### [Task description]
Using the records below, give again exactly the lines from the line that contains "Crafted from high-quality" through the line that contains "Medication bottle with", both ends included, and only those.

### [Dataset extract]
= Beginning of Section =

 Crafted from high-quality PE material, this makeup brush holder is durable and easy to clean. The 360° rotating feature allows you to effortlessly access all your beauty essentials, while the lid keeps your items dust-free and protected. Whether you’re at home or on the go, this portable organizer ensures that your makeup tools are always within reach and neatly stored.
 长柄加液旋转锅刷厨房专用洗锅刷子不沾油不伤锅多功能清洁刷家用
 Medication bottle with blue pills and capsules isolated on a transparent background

= End of Section =
= Beginning of Section =

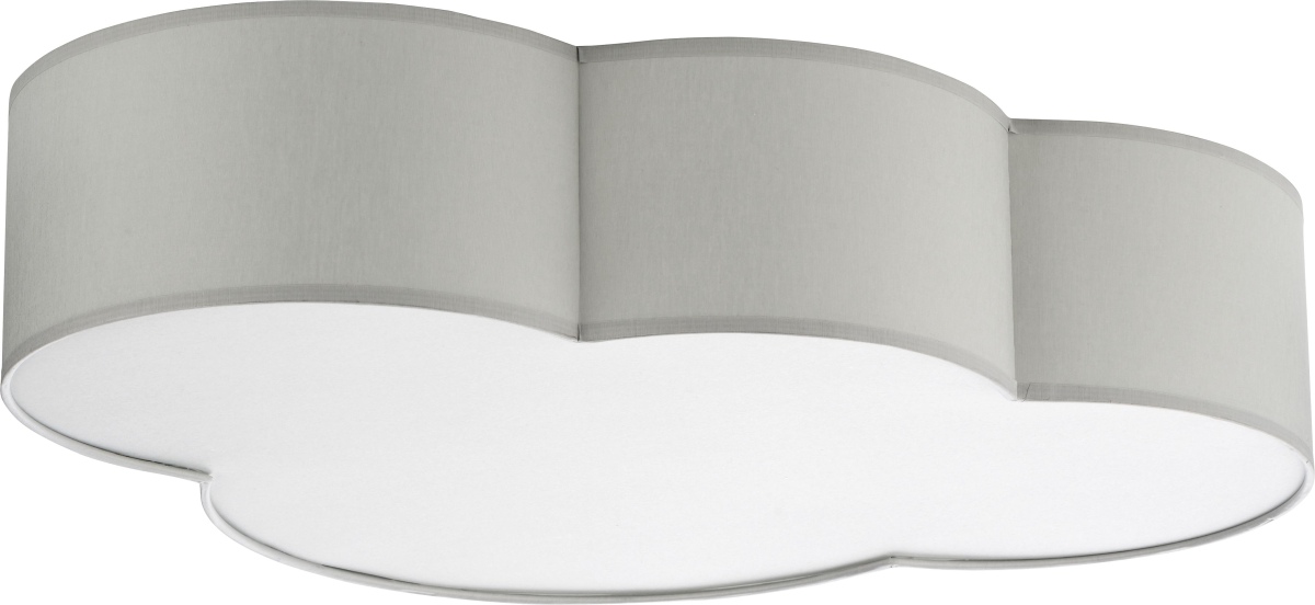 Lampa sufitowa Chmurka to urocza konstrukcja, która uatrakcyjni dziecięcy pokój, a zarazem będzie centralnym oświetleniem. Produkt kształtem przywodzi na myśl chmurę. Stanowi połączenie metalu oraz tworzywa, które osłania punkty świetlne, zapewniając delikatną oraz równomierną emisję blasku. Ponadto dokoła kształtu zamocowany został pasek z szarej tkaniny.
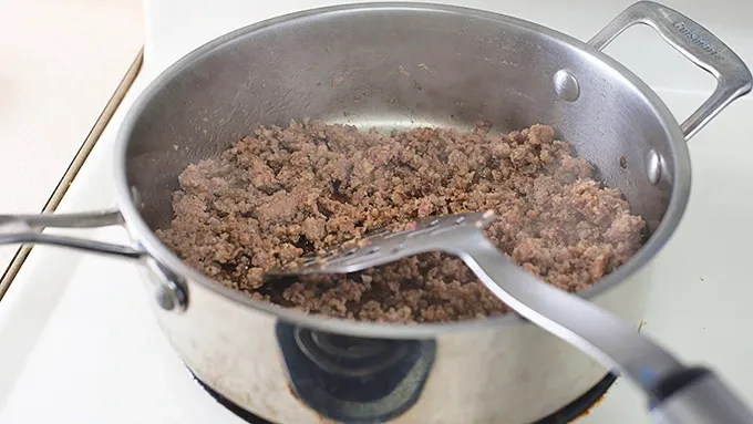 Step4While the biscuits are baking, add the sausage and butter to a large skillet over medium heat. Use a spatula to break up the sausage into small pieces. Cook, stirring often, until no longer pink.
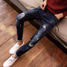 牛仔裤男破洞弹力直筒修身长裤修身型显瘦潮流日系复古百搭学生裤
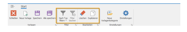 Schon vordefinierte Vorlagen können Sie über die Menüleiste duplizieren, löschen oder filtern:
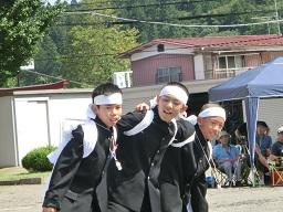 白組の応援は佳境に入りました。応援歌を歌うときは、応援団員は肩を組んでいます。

= End of Section =
= Beginning of Section =

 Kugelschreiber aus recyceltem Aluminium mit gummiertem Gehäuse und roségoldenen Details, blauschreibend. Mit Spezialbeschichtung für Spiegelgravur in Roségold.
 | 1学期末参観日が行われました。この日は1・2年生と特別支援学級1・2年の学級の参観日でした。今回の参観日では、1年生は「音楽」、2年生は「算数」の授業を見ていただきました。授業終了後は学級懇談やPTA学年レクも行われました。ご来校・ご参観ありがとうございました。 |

= End of Section =

### [Exercise solution]
 Crafted from high-quality PE material, this makeup brush holder is durable and easy to clean. The 360° rotating feature allows you to effortlessly access all your beauty essentials, while the lid keeps your items dust-free and protected. Whether you’re at home or on the go, this portable organizer ensures that your makeup tools are always within reach and neatly stored.
 长柄加液旋转锅刷厨房专用洗锅刷子不沾油不伤锅多功能清洁刷家用
 Medication bottle with blue pills and capsules isolated on a transparent background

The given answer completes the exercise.